I have had the privilege of serving as a member of the European Parliament for 15 of those 40 years and have witnessed and been involved in changes as the EP has evolved into an influential legislative body.
Since the launch of the EU by the six visionary founder states, the European Parliament has become a directly elected parliament of 28 member states with powers and influence unlike any other parliament in the whole world.
It is important to remember that the founding of the EU was the brave decision of the founder states to end the conflicts and war that had brought havoc to the continent of Europe for centuries, including the bloody history of the 20th century.
The creation and development of the EU has been considered the greatest peace initiative in world history, and I was privileged to be invited to attend the ceremony in Oslo when the EU was awarded the Nobel Peace Prize in recognition of this achievement.
The changes in Europe and the rest of the world during the past 40 years have been very much part of the history of the European Union itself.
The return to democracy in Greece, Portugal and Spain opened the door for them to join the EU, and the fall of the Berlin Wall and the ending of the Cold War led to former eastern European countries, previously part of the Soviet block, to become members of the union.
Globally, the EU became a greater force and provided important opposition to the apartheid regime in South Africa and solidarity with its people, unlike the governments of some individual European states such as the UK, whose then Prime Minister Margaret Thatcher dismissed Nelson Mandela as a “terrorist”.
The EU forged links with some of the poorest countries in the world, and I was privileged to be involved in this work as president of the Development Committee of the European Parliament.

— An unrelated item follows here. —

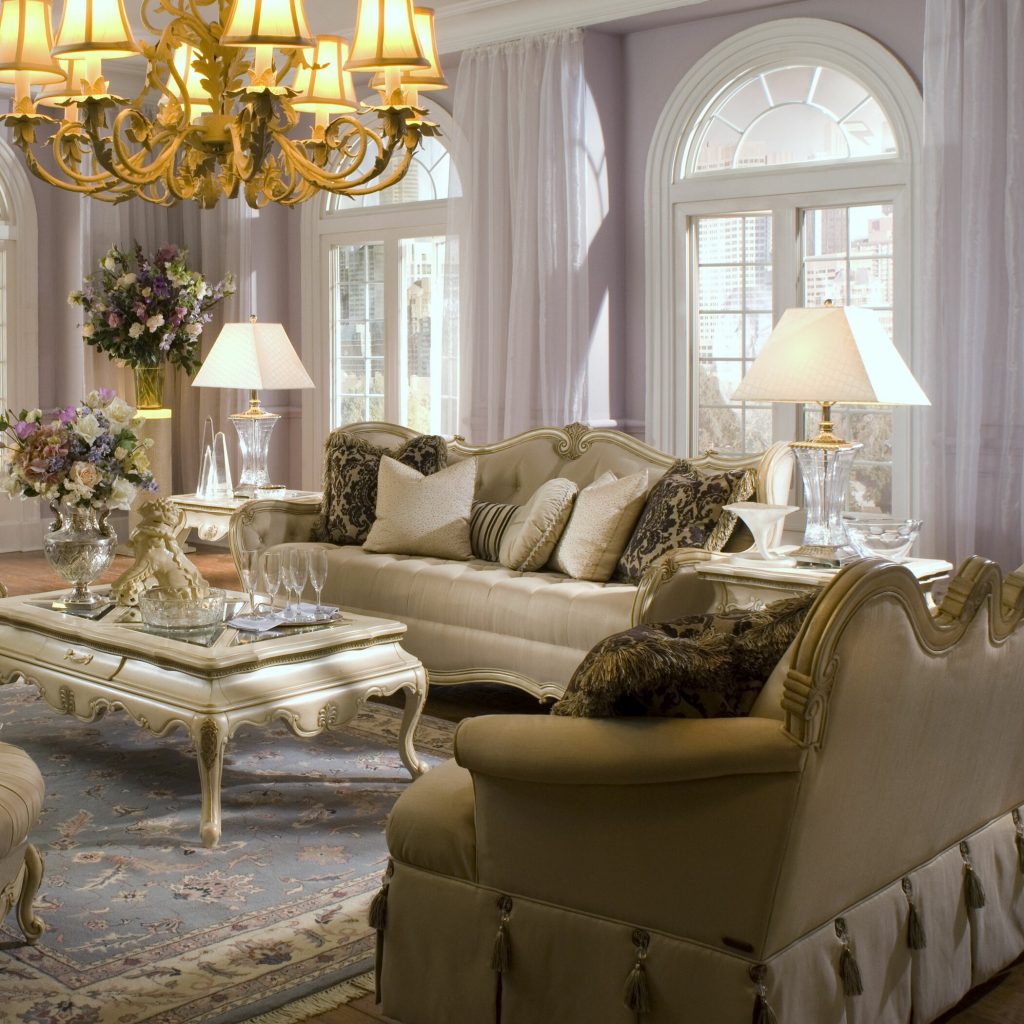 Основное требование к мебели – удобство. У диванов присутствуют мягкие подушки, а стулья имеют высокие спинки и подлокотники. Вставки у шкафов могут быть выполнены из витражей или полностью прозрачного стекла.

I also served as vice president of the Joint EU-ACP Parliamentary Assembly which linked the countries of the EU with those of Africa, the Caribbean, and the Pacific.
The EU has played an important role, too, in support of the peace process in Northern Ireland and the ending of the Troubles, which led to the signing of the Good Friday Agreement.
It is to be celebrated that the directly elected European Parliament has developed by its own efforts from a consultative assembly to the legislative body it is today, and long may it continue.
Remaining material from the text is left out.